Everything below from the line with "- 80個セット ワンタッチ" through the line with "Once the pan" must be retyped exactly, except the pictures.

# Data section

++++++++++++++++++++

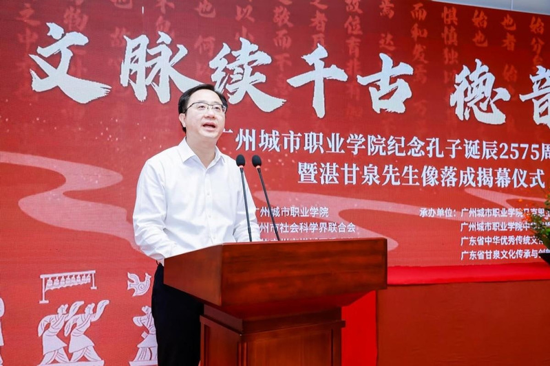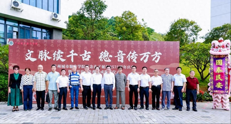 為傳承中華優(yōu)秀傳統(tǒng)文化,打造區(qū)域文化品牌,9月25日上午,紀(jì)念孔子誕辰2575周年慶典暨湛甘泉先生像落成揭幕儀式在廣州城市職業(yè)學(xué)院隆重舉行。我院院長廖良初和本院教師、廣州市甘泉文化研究會秘書長黃宇惠等多人應(yīng)邀赴會。
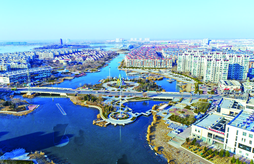 12月27日,山东省东营市河口区河安小区水系一角。受土地盐碱化程度高影响,当地绿化苗木成活率低,生态环境相对脆弱,10年前整个城区的绿化覆盖率只有20%。近年来,河口区不断加大绿化提升及管护工作,累计投入5亿多元,完成道路绿化提升83公里,建设海河公园、各城区游园17处,城区生态环境不断优化。胡云霞摄(中经视觉)
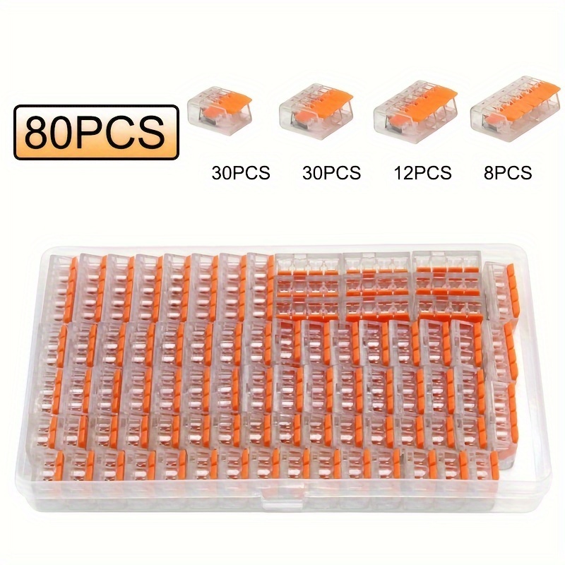 - 80個セット ワンタッチ 3種 配線接続コネクター 5出力 28-12 AWG 配線コネクター 差し込み 分岐 電線 パーツ 部品 双方向端子台 t8390
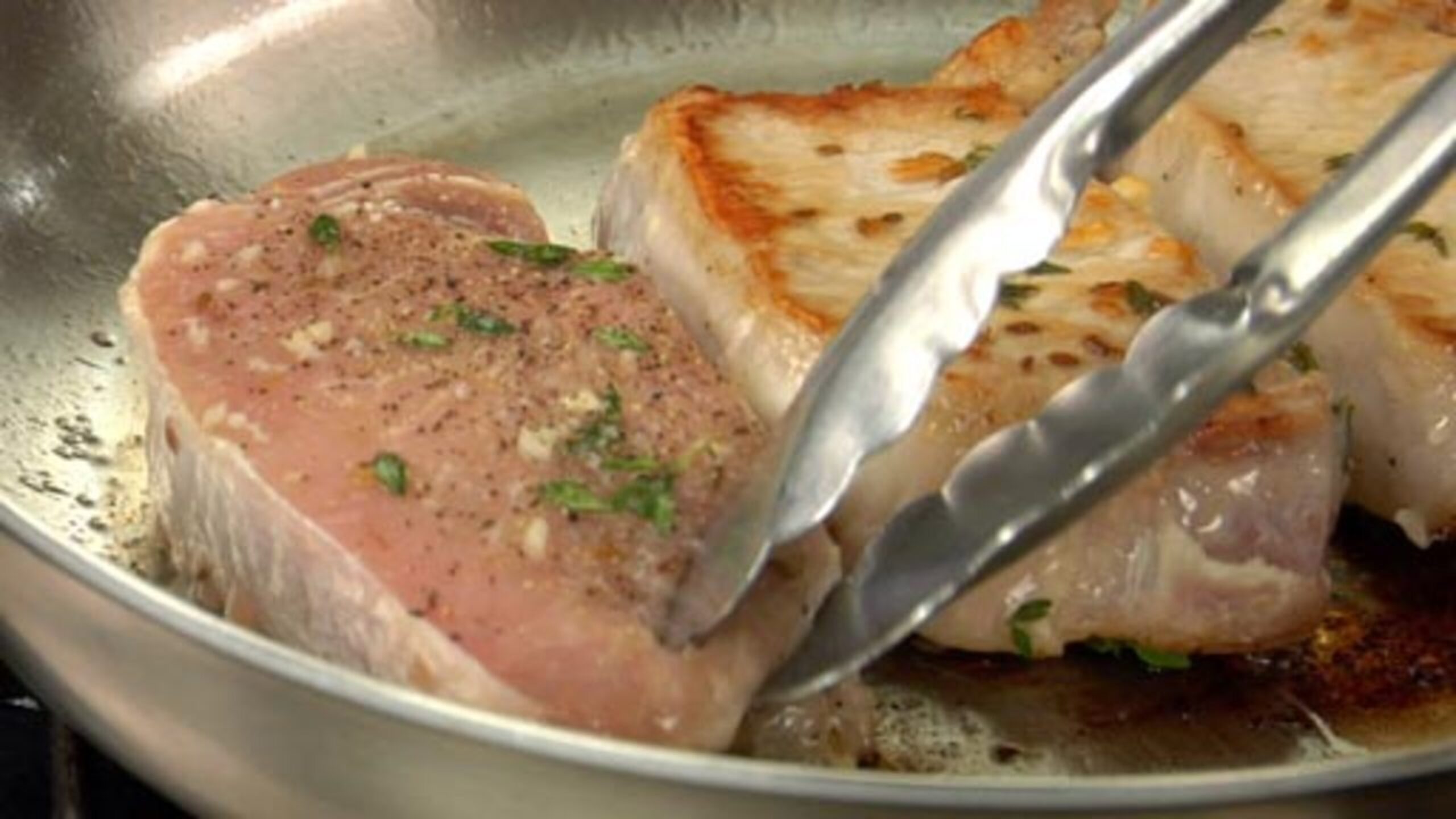 Once the pan is ready, add the oil to the pan, followed by the pork chops. Lower the heat to medium and use the flip often method to cook the pork chops. Cook the pork chops for approximately 8 to 10 minutes or until just cooked through (the pork can be a tiny bit pink inside).
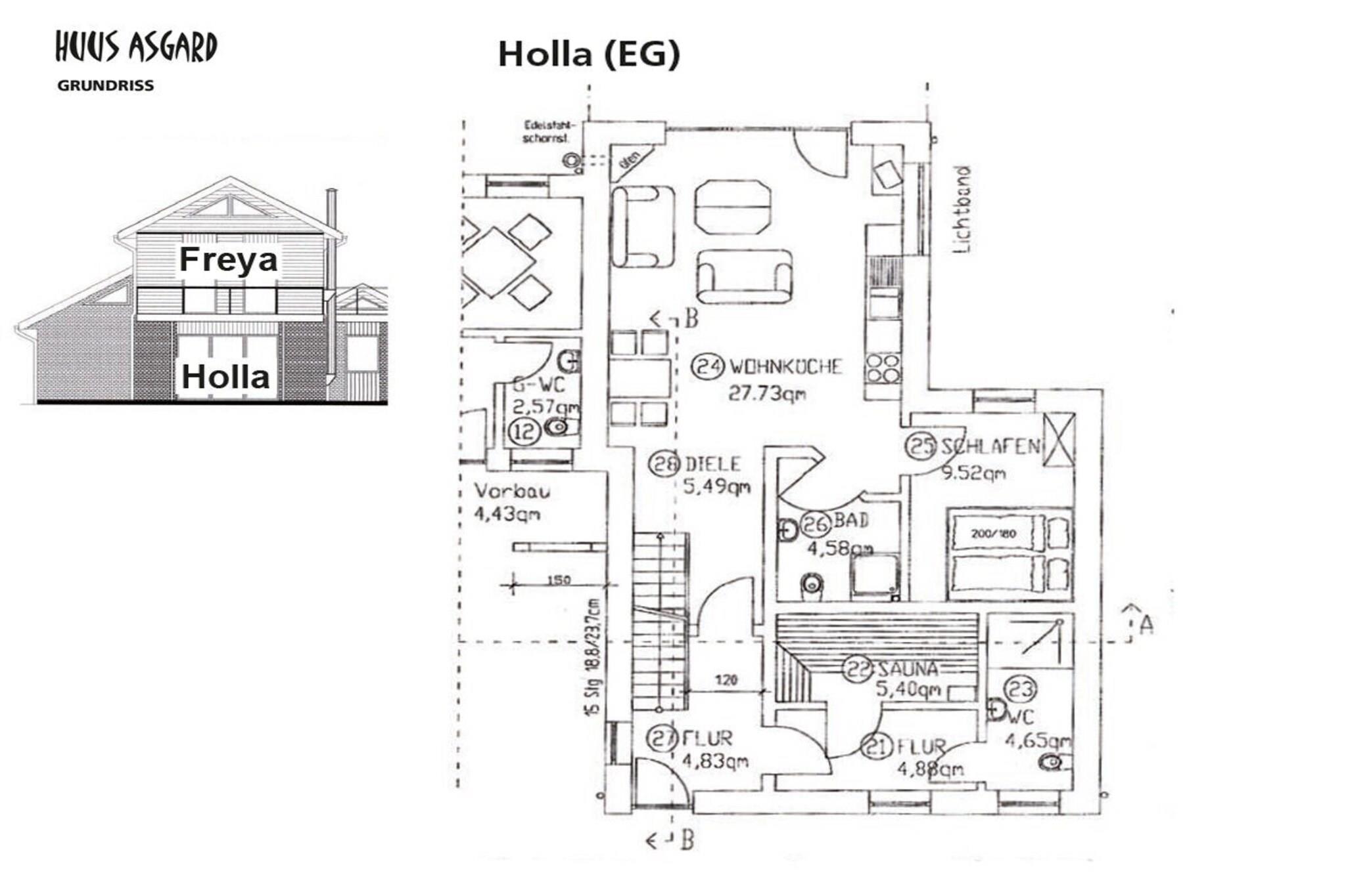 "Holla" befindet sich im EG, ist ca. 50 qm groß und bietet ausreichend Platz für 2 Personen. Der große Wohnraum mit offener Küche, Essplatz, Kaminofen und gemütlicher Sitzgruppe lädt zum Verweilen ein. Das Schlafzimmer ist zweckmäßig und mit einem mit Doppelbett ausgestattet. Auf der Terrasse befindet sich eine komfortable Sitzgruppe. Die Ferienwohnungen befinden sich in einem dritten Hausteil, der erst 2010 erbaut wurde. Dort ist auch die Sauna untergebracht, die den Gästen von Huus Asgard gegen Gebühr und nach Absprache zur Verfügung steht. PKW-Parkplätze auf dem Grundstück, E-Bike-Ladestation steht zur Verfügung.
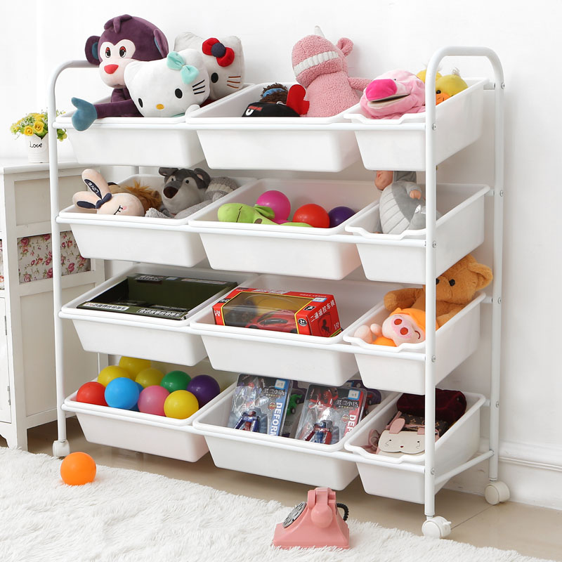 Некоторые используют для этих целей корзины или коробки. Основное их преимущество заключается в доступности. То есть купить такой предмет для хранения детских забав под силу каждому родителю. Игрушки сюда будут просто складываться в хаотичном порядке бессистемно. Найти любимую машинку или куклу не представиться возможным, пока полностью не вывернуть коробку. Это повлечет за собой дополнительную уборку. Установка стеллажа поможет добиться порядка в вещах, игрушках, а также книгах.

++++++++++++++++++++

# Output of the exercise
 - 80個セット ワンタッチ 3種 配線接続コネクター 5出力 28-12 AWG 配線コネクター 差し込み 分岐 電線 パーツ 部品 双方向端子台 t8390
 Once the pan is ready, add the oil to the pan, followed by the pork chops. Lower the heat to medium and use the flip often method to cook the pork chops. Cook the pork chops for approximately 8 to 10 minutes or until just cooked through (the pork can be a tiny bit pink inside).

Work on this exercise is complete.